For car-crazy Toyoda, a test driver as much at home in his racing suit as his business suit, the future brings an especially chilling wind: the risk that cars become just A-to-B commodity runabouts.
If cars drive themselves and the electronics under the hood are indistinguishable, what will sustain the emotional connection that, to Toyoda, is that all-important love of cars?
"Even Dyson is saying it wants to produce an EV," Toyoda said, referring to the U.K.-based vacuum-maker's new plans. "Now is a major turning point."
Automakers such as Toyota, he says, have a special responsibility to keep cars fun for the next 100 years. That will help them stay one step ahead of interloping rivals from outside the industry.
"That's why we're fighting this fight now," he said.
But restructuring the organization flow chart won't be enough to ensure success.
And it is difficult for any chief executive, even the family scion, to reboot an entire corporate culture, especially at a behemoth such as Toyota.
A radical idea
Still, Toyoda has a history of subverting the system.
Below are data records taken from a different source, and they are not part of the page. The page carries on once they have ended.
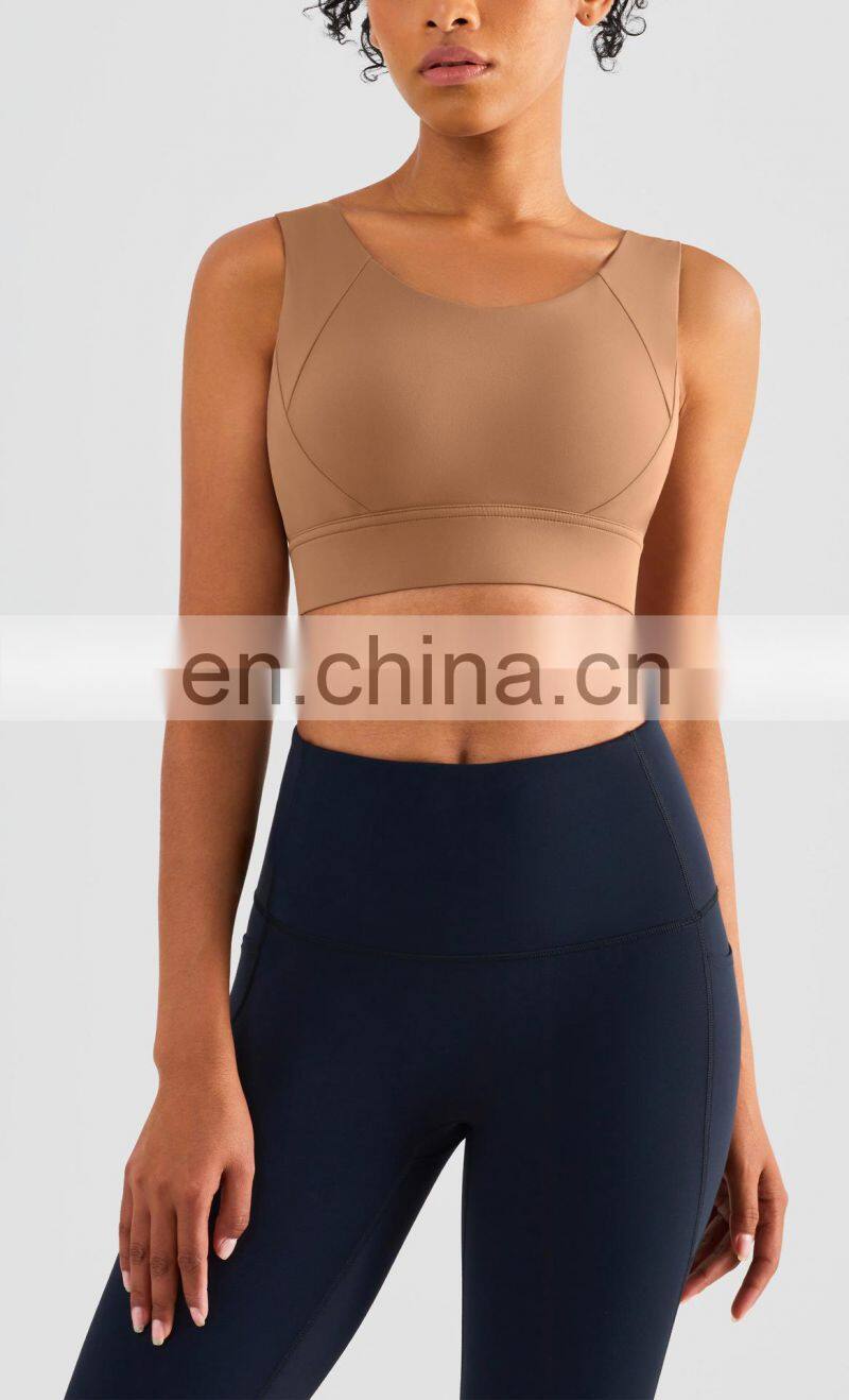 High Quality Ladies Top Wide Straps Sports Bra Custom Sexy Workout Wear Gym Fitness Tank Top For Women With Padded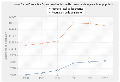 La population d'Équeurdreville-Hainneville était de 17 569 habitants en 2007, 18 146 habitants en 1999, 18 256 habitants en 1990, 13 332 habitants en 1982, 12 647 habitants en 1975 et 12 145 habitants en 1968. Parallèlement, le nombre de logements d'Équeurdreville-Hainneville était de 7 891 en 2007, 7 599 en 1999, 7 268 en 1990, 5 238 en 1982, 4 559 en 1975 et 4 034 en 1968.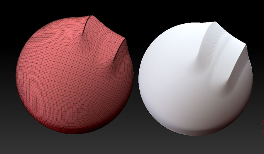 But this is not working like before. The brush is not more pushing or pulling the mesh together with the pinching when we set the brush modifier to 100% in ZBRUSH 2021.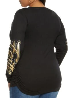 Plus Size Dope Soul Hanky Hem Long Sleeve Graphic Tee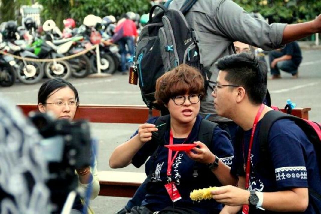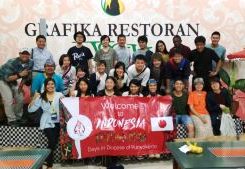 Peserta AYD asal Jepang berfoto bersama pada saat beristirahat di Grafika Restoran Yogyakarta, sebelum melanjutkan perjalanan ke Purwokerto. [www.komkeppurwokerto.net]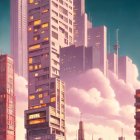 The image depicts a surreal landscape with towering, futuristic structures resembling giant, bulbous buildings. In the background, planets float in a pastel sky, adding to the otherworldly atmosphere.
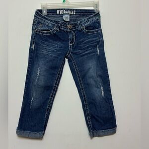 Hydralic Women's Distressed Blue Capri Jeans size 3/4 (G6)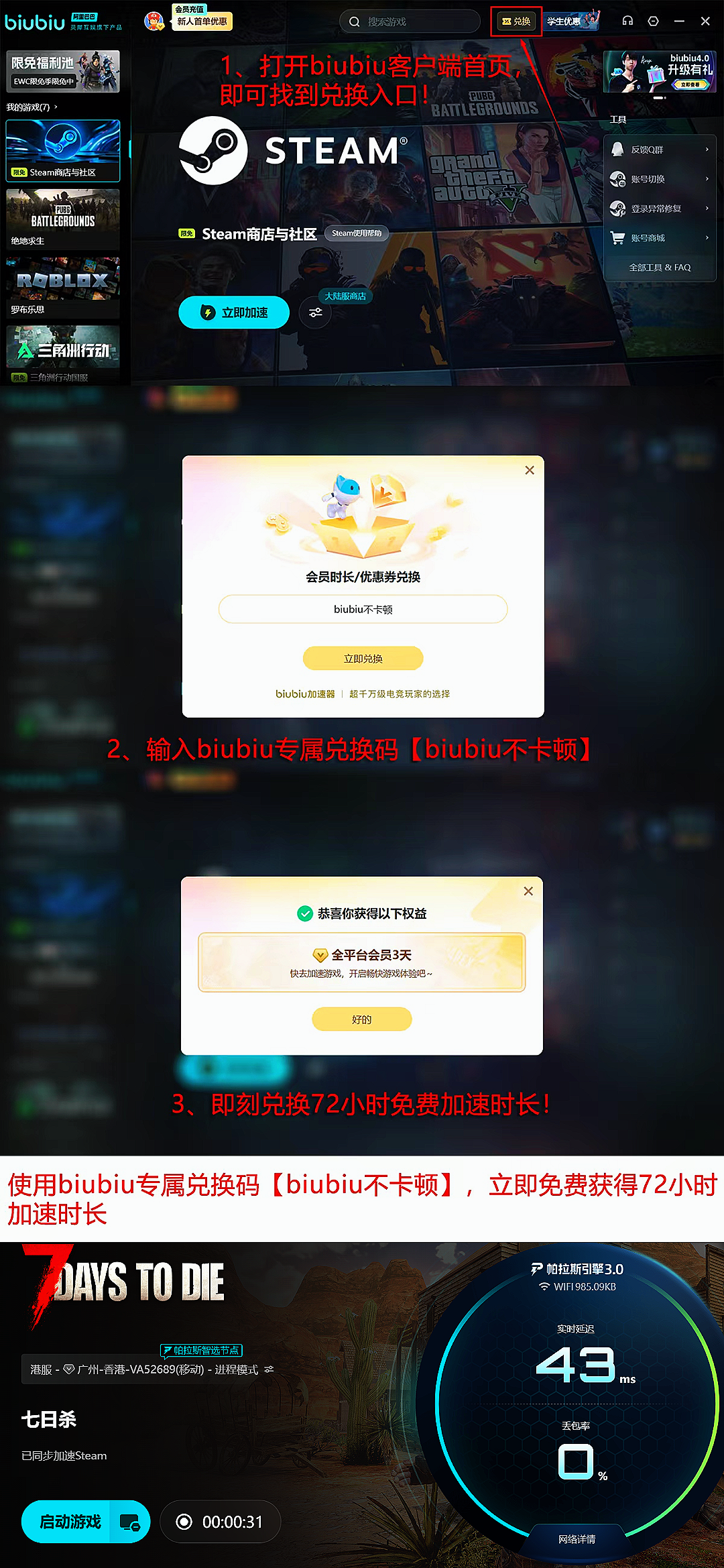 新用户完成基础账号注册后,即可无门槛激活24小时全平台不限速加速权益,覆盖PC端《七日杀》及主流手游,全程零限速、零节点切换限制;所有用户输入专属兑换码【biubiu不卡顿】,还可叠加领取3天专属加速时长。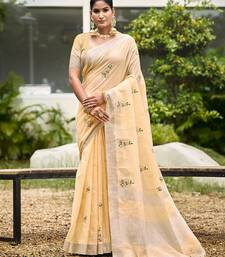 Light peach color beautiful linen fabric sophisticated ethnic saree
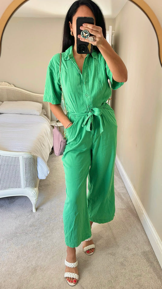 Oliver bonas green tie waist jumpsuit boilersuit medium S UK 8 vgc linen

And that's where the Jedi spirit comes in.
It started in the 1990s, when Toyoda was tasked with boosting domestic sales. Toyoda floated the then-radical idea of listing pictures of used cars on something called the Internet.
"People said you can't sell cars just with pictures. The kaizen system may work for manufacturing but not for dealerships," recounted Senior Managing Officer Shigeki Tomoyama, who worked with Toyoda closely in the early years and now heads a slew of divisions.
"Back then, it was incredibly difficult to bring about change in the face of strong opposition."
Corporate elders wouldn't let the upstart attach the Toyota name to his gambit. But Toyoda went ahead with his idea anyway. For his fledgling online selling platform, he adopted the name Gazoo, a play on the Japanese word for image, or gazou.
Today, Gazoo's website is one of Japan's biggest online automotive malls.
And Toyoda insists he is still taking risks as he focuses laserlike on the distant future.
"Although there may be no precedents," he said, "I believe there is always a better way.
"Several decades from now, how are future generations going to evaluate us? That will be determined by the challenges we take up now. Do I want them to say that those who were working at Toyota before them squandered all the resources?"